The details of this thesis report are confined to integer benchmark suit because they are helpful for CPU designers and researchers. This report presents detailed analysis of SPEC CPU 2000 integer benchmarks running on ARM v8A processors and showcases the important characteristics of workloads. We compare performance of 32-bit and 64-bit architecture with the help of SPEC CPU2000 integer benchmarks and identify the key performance behaviour of various workloads.

Single platform is able to provide an environment to run 32-bit code and 64-bit code. It will be good to find out the major benefits of upgrading to 64-bit. The aim is to analyse the performance of a particular set of popular applications in these modes.
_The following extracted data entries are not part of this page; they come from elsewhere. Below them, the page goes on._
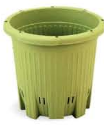
楽々菜園プランター 丸形 380 直径 395 × 高さ 353mm
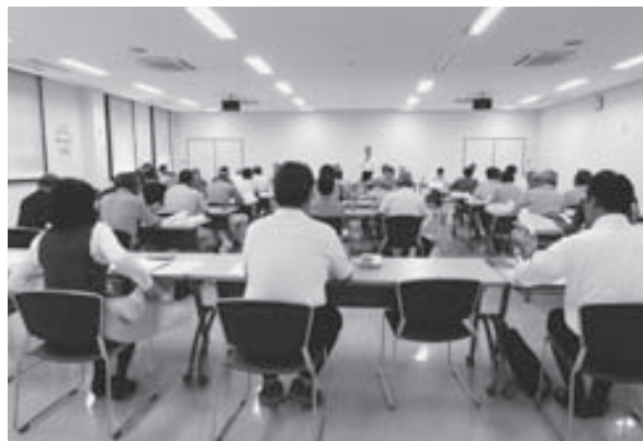
担い手農家懇談会の様子

今後も農家の所得向上に向けて、地域の農家に寄り添って、担い手の声を大事にした支援を行っていきます。
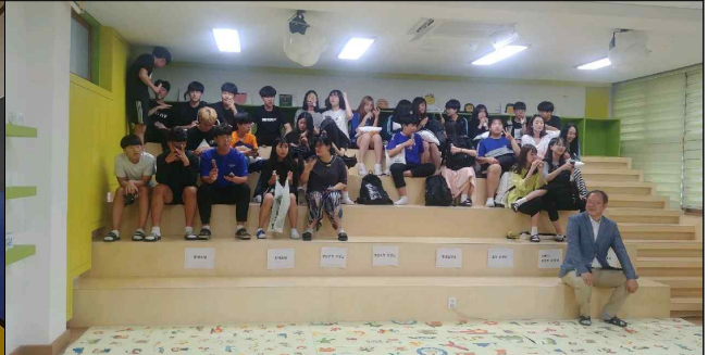
2018 영동 공간 개소(월곡중 「아띠」)
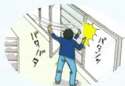
冷蔵庫の扉を開けたり閉めたり
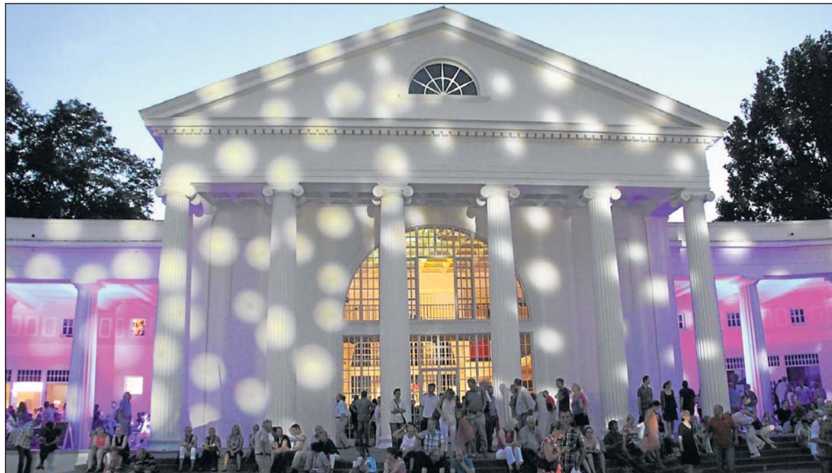
Fantasievolle Lichtprojektionen verwandeln die Wandelhalle im Kurpark mit Beginn der Dämmerung in einen geradezu mystischen Ort. Zahlreiche weiße Lichtpunkte sollen den Sternenhimmel symbolisieren.
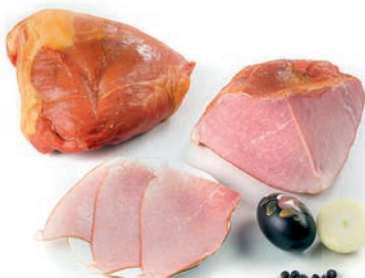
Prekajena šunka Smoked ham / Coscia cotta
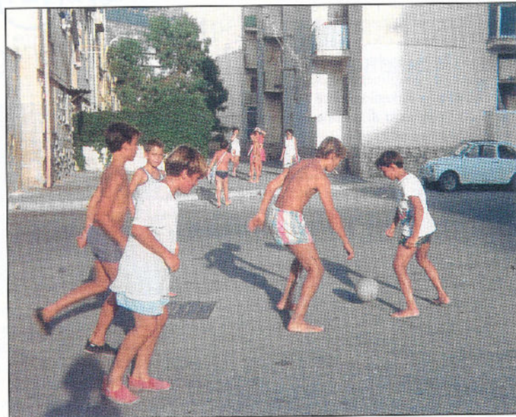
L’auspicio del Coni è che ogni quartiere sia dotato di adeguati impianti sportivi
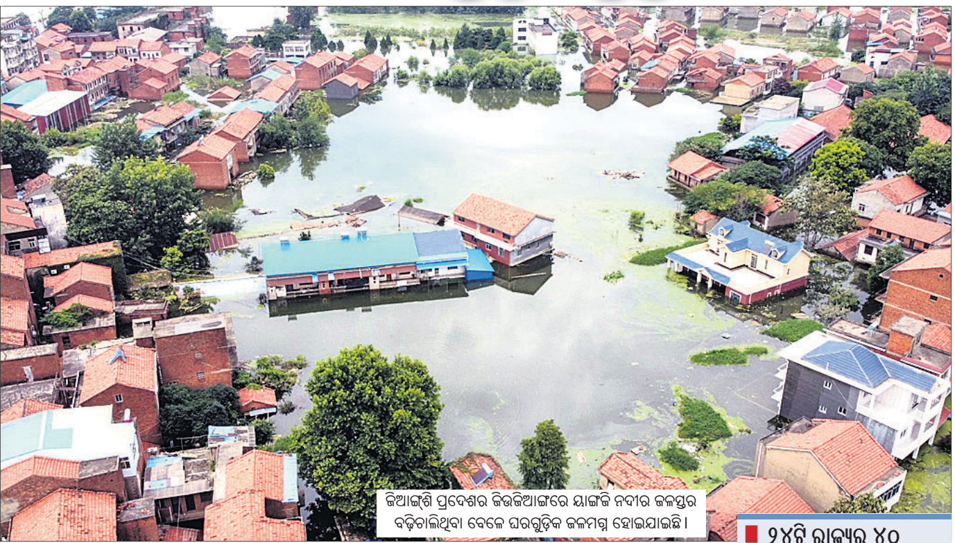
କିଆଙ୍ଗି ପ୍ରଦେଶର କିଆଙ୍ଗିରେ ଯାଙ୍ଗି ନଦୀର ଜଳସ୍ତର ବଢ଼ିଯାଇଥିବା ବେଳେ ଘରଗୁଡ଼ିକ ଜଳମୁଗ୍ଧ ହୋଇଯାଇଛି ।

କେନ୍ଦ୍ର/ଖୁଶିଚର, ୨୬/୭ କେନ୍ଦ୍ରୀୟ ଚାଇନାରେ ଦେଶର ଦୀର୍ଘତମ ନଦୀ 'ୟାଙ୍ଗି' ପ୍ରୟାଗରୁ ବନ୍ୟା ଆସିଛି । ଭୂମି ପରିଚାଳନା ଲାଗଣ ବର୍ଷା ଫଳରେ ନଦୀର ଜଳସ୍ତର ୫୦ ଫୁଟ ବୃଦ୍ଧି ପାଇଛି । ଏଥିରେ ୨୪ଟି ରାଜ୍ୟର ୪୦ ନିୟୁତ ଲୋକ ପ୍ରଭାବିତ ଓ ୨୦୦ରୁ ଊର୍ଦ୍ଧ୍ୱ ମୃତ କିମ୍ବା ନିଖୋଜ ହୋଇଯାଇଛନ୍ତି । ଏହି ବନ୍ୟା କରୋନା ମହାମାରୀ ସହ ମୁହଁଫୁଟିବା
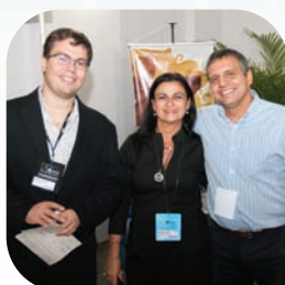
Presença em eventos Pag. 5 e 6
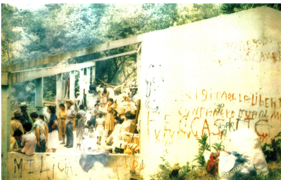
Foto: Esta es la infraestructura del modulo central del Complejo Educativo "10 de Octubre", en el año 1987, cuando el primer retorno.

El proceso educativo que Santa Marta tiene es un lindo ejemplo a replicar en otras parte del país, tomando en cuenta la organización, gestión y participación de las personas de las comunidades para mejorar los niveles de cobertura, índices de analfabetismo y tasa de escolaridad, generando a través de la educación un país distinto y con un mayor aprovechamiento del recurso humano, y mejorando a través de la educación enormemente la vida de las salvadoreñas y salvadoreños.
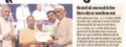
लखनऊ में कल-भाजपा सरकार ने 5 साल में 2,13,400 करोड़ गन्ना मूल्य का किया भुगतान

2,13,400 करोड़ गन्ना मूल्य का किया भुगतान
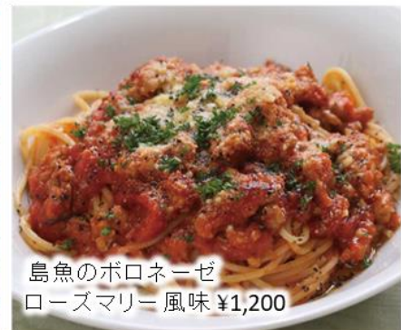
島魚のポロネーゼ ローズマリー風味 ¥1,200
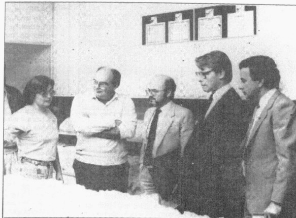
O CNPq, que está financiando projetos do IPT e Projeto Crise vieram conhecer de perto os trabalhos em andamento.
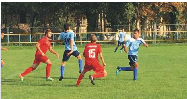
U19 Tura VSK - Kisnémedi MSE
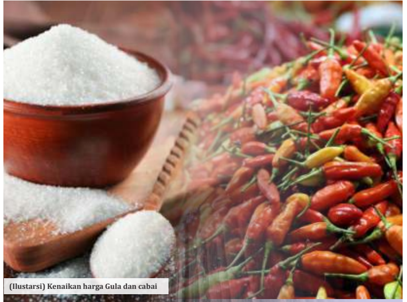
(Ilustrasi) Kenaikan harga Gula dan cabai

Menurut dia, kenaikan harga cabai rawit pada November lebih tinggi dibanding Oktober yang hanya 29,4 persen. Kenaikan harga cabai pada
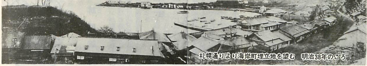
札幌通りより海岸町埋立地を望む 明治38年のころ
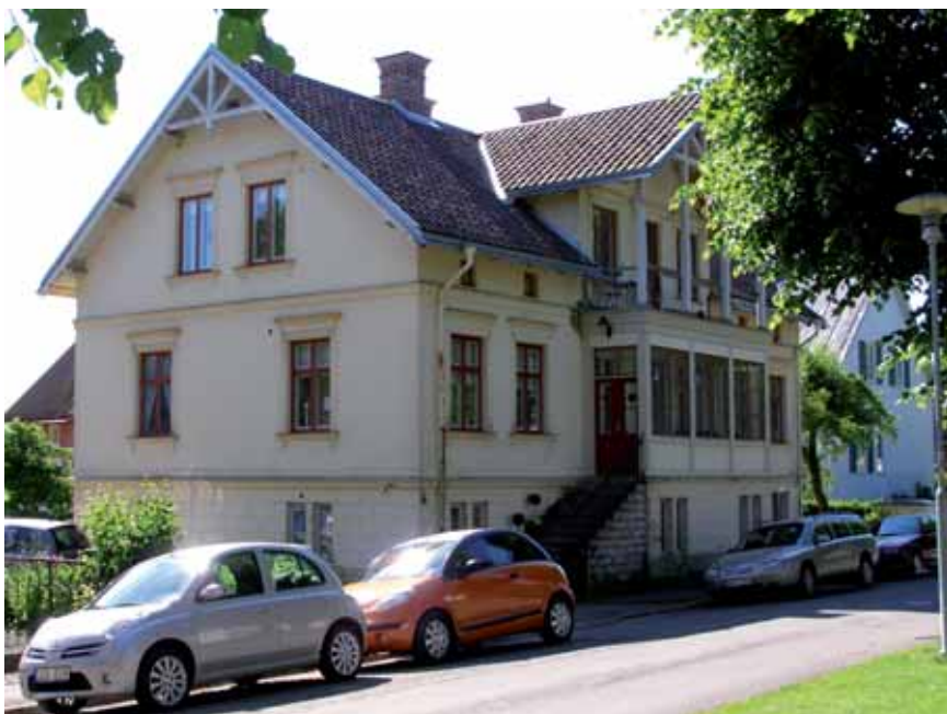
Pollux 5 uppfördes 1885 och oavsett små moderniseringar på 1920-talet är 1880-talskaraktären mycket välbevarad.
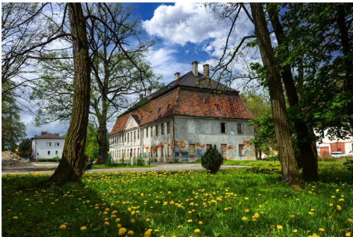
Pałac w Jasieniu
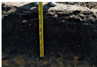
3. 1トレ土層1（北東から）
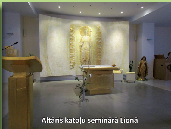
Altāris katoļu seminārā Lionā
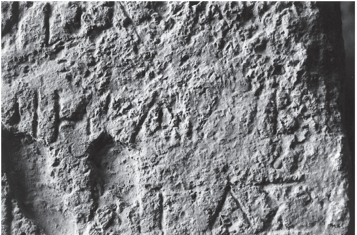
Fig. 4. Détail de la ligne 4.
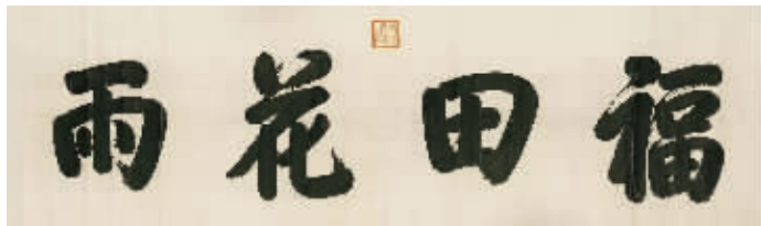
御笔“福田花雨”,成交价805万元
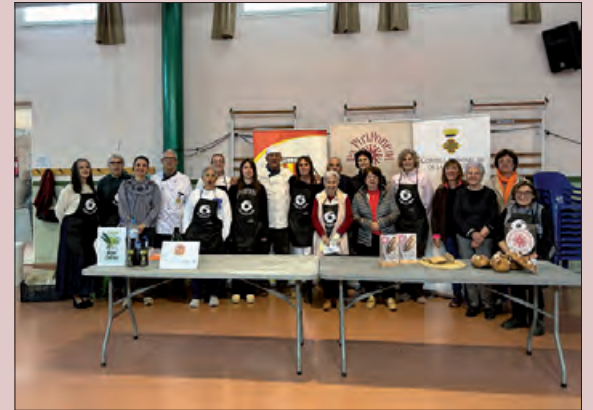
Foto de grup

La Sentiu de Sió va acollir el passat 21 de març un nou taller “Del Blat a la Taula”, organitzat pel Consell Comarcal de la Noguera amb la col·laboració del Gremi de Forners de Lleida.

New devices that are being manufactured in recent times are coming with integrated Wi-Fi chip to communicate with other devices. In coming future, there will be plethora of electronics devices that can be controlled over internet forming an eco-system named Internet of Thing. In this scenario, existing devises may fall back in race of inventions. But to bring such devices in the same harmony, there is need of a utility which can allow them to communicate and exchange data with other devices. This can be done for the devices which are already having microcontrollers embedded in them with the help of serial to Wi-Fi converter. Serial to Wi-Fi converter is a module that provides WLAN connectivity to other microcontroller based systems. A host microcontroller can communicate with this module over UART interface. The communication happens with the use of simple ASCII text based communication.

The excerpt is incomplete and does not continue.